The members at the Annual General Meeting held on 30th Nov, 2015 appointed M/s V. Sahai Tripathi & Co, Chartered Accountants (Registration No. 00262N) as Statutory Auditors of the Company for a period of two years to hold office till the conclusion of 26th Annual General Meeting of the Company subject to ratification at every AGM. Their period of office will expire at the ensuing Annual General Meeting. Therefore, the Board recommends the appointment of M/s Mukesh Aggarwal & Co., Chartered Accountants, as Statutory Auditor of the Company for a term of five years subject to approval of members in ensuing Annual General Meeting of the Company.

Qualification(s) and Directors’ comments on the report of Statutory Auditor:

I. The accounts and financials of the Company have been prepared on going concern on the assumption and premises made by the management of the Company that (a) The fresh restmcturing scheme would be approved by the Hon’ble Delhi High Court in totality which is still pending for approval & acceptance (b) adequate finances and opportunities would be available in the foreseeable future to enable the company to start operating on a profitable basis and

(c) injection of Rs. 1950.00 Lacs as promoters quota which has already been infused by the management group. The same has been explained in Note 27.

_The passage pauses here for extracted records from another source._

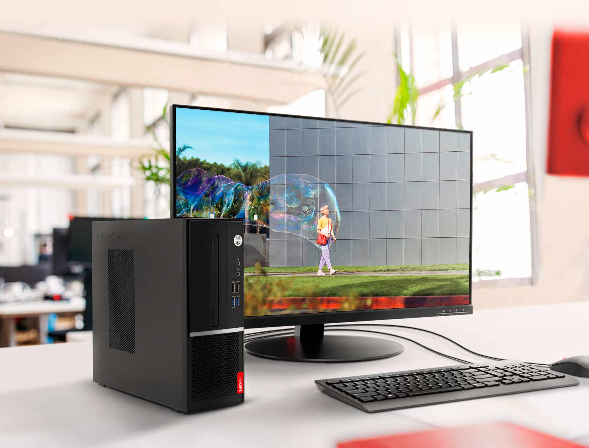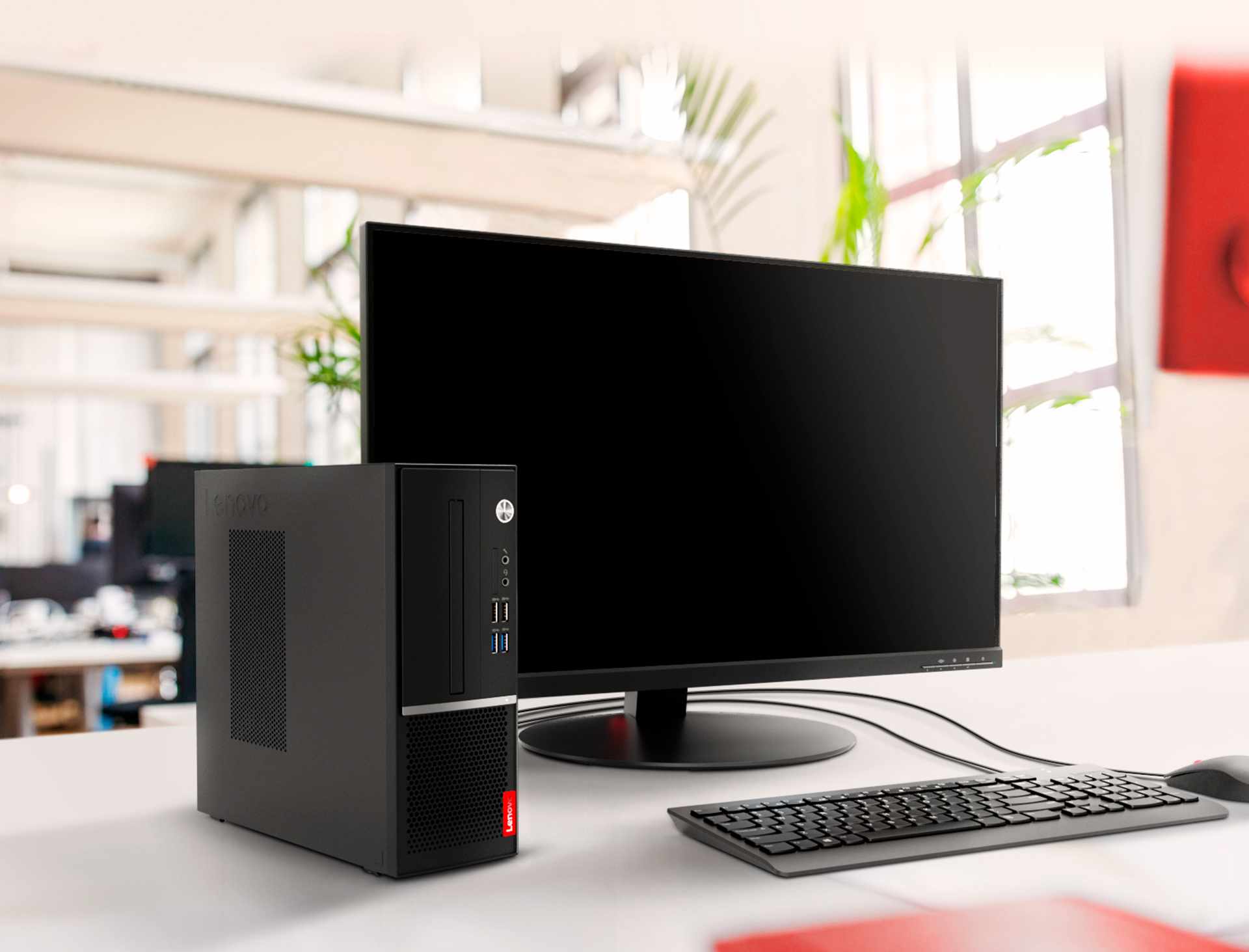O desktop V530s SFF oferece a conveniência de quatro portas USB de fácil acesso voltadas para frente que facilitam a conexão de periféricos e seu chassi de 7,4L, cabe praticamente em qualquer lugar do escritório ou home office.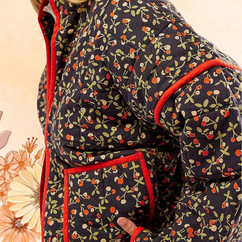 Featuring a unique floral print and dolman-style silhouette, this jacket adds the perfect touch to any look. With dropped shoulders and a high-collar design, it’s both stylish and comfortable. Made with quilt-inspired fabrication, it’s a must-have for any fashion-forward individual. One of the trendy Quilted Jacket With Pretty Floral Print for daily outfits all the year around.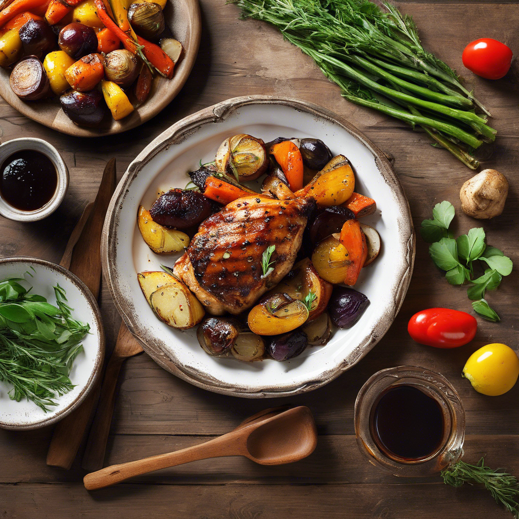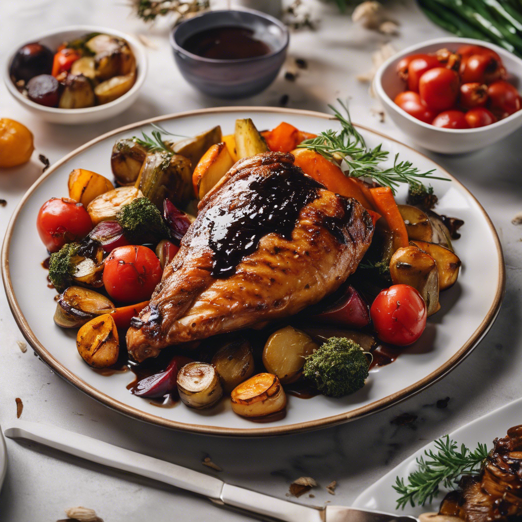 Balsamic Glazed Chicken with Roasted Vegetables is a classic dish that originated in Italy, known for its rich flavors and vibrant colors. The dish features succulent chicken breasts marinated in a balsamic glaze, then roasted to perfection alongside a colorful medley of vegetables such as bell peppers, zucchini, and cherry tomatoes. This dish has been a staple in Italian cuisine for centuries, with its roots in the Emilia-Romagna region, where balsamic vinegar is a prized local ingredient. Renowned chefs like Lidia Bastianich and Mario Batali have popularized this dish in their restaurants, showcasing the perfect balance of sweet and tangy flavors. Today, the best versions of this dish can be found in authentic Italian trattorias, where the quality of the balsamic glaze and the freshness of the vegetables are paramount. To nail this dish, it's crucial to get the balsamic glaze just right, as it's the key to achieving that irresistible sweet and tangy flavor. While the traditional recipe calls for roasting, some chefs also recommend grilling the chicken and vegetables for a smoky twist on this classic dish. Whether enjoyed in a cozy trattoria in Italy or prepared at home, Balsamic Glazed Chicken with Roasted Vegetables is a delightful culinary experience that captures the essence of Italian cuisine.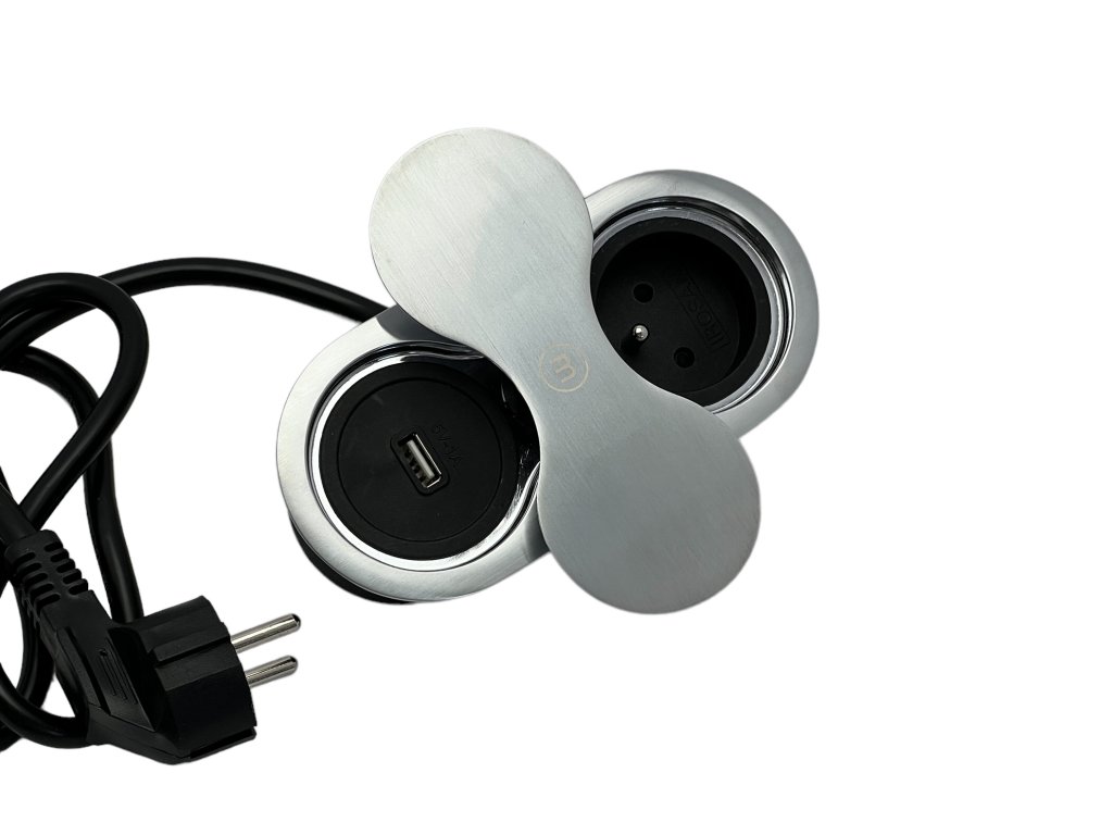 Elektro zásuvka EIGHT USB + 1x 230V nerez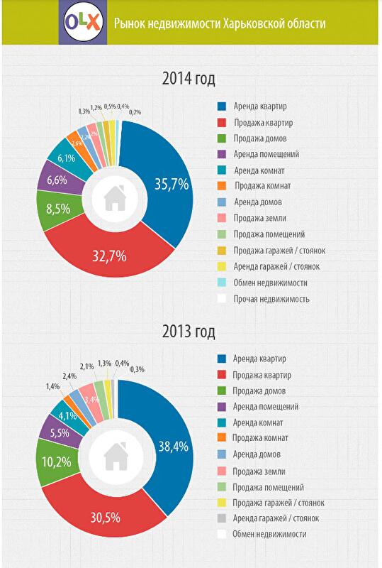 В целом количество новых предложений об аренде и продаже объектов недвижимости в Харьковской области выросло на 5,8% по сравнению с 2013 годом. На продажу было выставлено на 13% больше квартир. Рост также наблюдался в направлениях аренды помещений, продажи и аренды комнат, обмена недвижимости. В то же время, меньше предложений касалось аренды квартир, продажи и аренды домов, продажи помещений, гаражей и стоянок. Наибольшее падение новых предложений зафиксировано в рубрике «Продажа земли»: в 2014 году на продажу было выставлено на 62% меньше земельных участков, чем в 2013 году.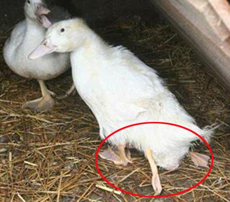 영국 일간지 메트로 보도에 따르면, 이 오리는 다른 오리들과 달리 몸집이 약간 크고 땅을 버티고 선 다리 2개 뒤로 작은 다리 2개가 삐죽 나와 모습이 보인다.

Directors’ Comment: Going Concern Basis- Para (i) and Note 27-In accordance with section 134 (5) (d) of the Companies Act, 2013, the Financial Statements are required to be made on going concern basis. In light of the fresh Scheme of Restructuring pending before the Hon’ble Delhi High Court, the Company has plans for future business and income generation. Accordingly, it is not only prudent but also imperative to draw Financial Statement based on such

Going Concern basis. The scheme seeks to restructure relying on debt equity swaps and profits earned by engaging service oriented, fee based business leading to progressive reduction in the debt of the equity. The ‘scheme arrangement would not only enable the company to wipe out its debt but will also enable it to reduce carry forward losses to be a profitable entity.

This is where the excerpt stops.